La réforme de la Cour d'Assises provoque beaucoup de débats au sein des barreaux. Nous avons rencontré l'avocat hutois Alexandre Wilmotte, 40 ans. Il a siégé à plus de trente reprises dans différents procès, tantôt pour défendre des accusés, tantôt pour soutenir les parties civiles.

Passivité et manque de continuité

Le jeune avocat souligne la passivité et le manque de continuité: "Depuis de nombreuses années, et plus précisément depuis 10 ans, par un rapport d’une commission spéciale datant de 2005, des propositions de réformes de la Cour d’Assises ont été mises sur la table. Ces propositions de réformes visaient à adapter le fonctionnement de l’institution sans la mettre en cause dans ses fondements. Mais depuis 10 ans, rien n’a été fait si ce n’est l’intégration des changements rendus nécessaires concernant principalement la motivation des décisions du jury avec la loi du 21 décembre 2009. Aujourd’hui, l’allergie du Ministre de la justice pour la Cour d’Assises risque d’avoir comme conséquence la mise en cause de son existence même par un accroissement à l’extrême de la correctionnalisation des crimes et ce, sans avoir entamé le processus de révision de la constitution.
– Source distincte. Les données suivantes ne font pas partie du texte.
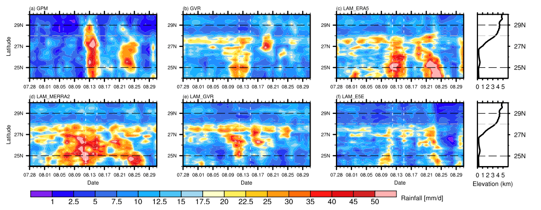 图3 时间-纬度图:逐日降水量在高原南坡陡峭地形区域的时间演变

Une fois de plus, la passivité des représentants élus, garants du pouvoir législatif, risque de laisser passer la disparition à peu près totale d’une institution qui doit être réformée, mais certainement pas supprimée. Pourquoi une décision aussi radicale face à une institution qui mérite un débat de haut niveau ?"

"Les citoyens, tous des imbéciles ?"

Alexandre Wilmotte s'interroge sur la place du citoyen dans nos institutions. L'avocat pénaliste explique: "Les constituants avaient organisé la représentation et la participation démocratique du peuple. Pourquoi l’abandonner ? Pour faire place aux "spécialistes", "technocrates". On a vu les effets et les dérives dans d’autres domaines : banques et finances, par exemple. On en voit le résultat tous les jours : de nombreux jugements pourtant conduits par des spécialistes sont réformés en appel, en Cassation, devant la Cour Européenne. Et qui oserait prétendre que des juges ne seront jamais soumis à des pressions ou influences d’ordre divers ?"

"Juger dans la confidence, entre pairs, est-ce vraiment une garantie de qualité, de fiabilité, de sécurité et de justice ? Confiée exclusivement et à tous les niveaux à des spécialistes, la justice s’écarterait du citoyen. Et la conséquence est que celui-ci perdrait (encore plus) confiance en elle, comme il a déjà perdu confiance en bien d’autres institutions. Mais rien n’est dit à ce niveau et l’intérêt et la confiance du citoyen pour la justice n’ont pas l’air d’être très importants pour le Ministre censé la représenter".

Alexandre Wilmotte poursuit: "Le citoyen ne serait-il pas à même d’observer des faits, de les comprendre, de les analyser et d’en saisir la portée. De comprendre les rapports, les débats, les échanges de points de vue. De comprendre des questions posées et d’y répondre. De saisir la complexité de la nature humaine, les motivations, les influences d’une éducation ou d’une relation. D’être sensible à la douleur des victimes, de prendre distance et d’objectiver son point de vue. Qui donc peut prétendre que le citoyen est incompétent pour porter un jugement s’il est bien éclairé par les spécialistes, par les débats contradictoires, par les enquêtes ?Manifestement, pour certains, les citoyens seraient tous des imbéciles incapables de comprendre, d’analyser et donc de juger en motivant. Ils auraient juste assez de bon sens et de capacité de jugement pour élire leurs représentants et ensuite, silence ! Place aux partis et aux technocrates". L'avocat conclut: "Et qui est le mieux placé pour prendre en compte les souffrances des victimes, si ce n’est le citoyen ?"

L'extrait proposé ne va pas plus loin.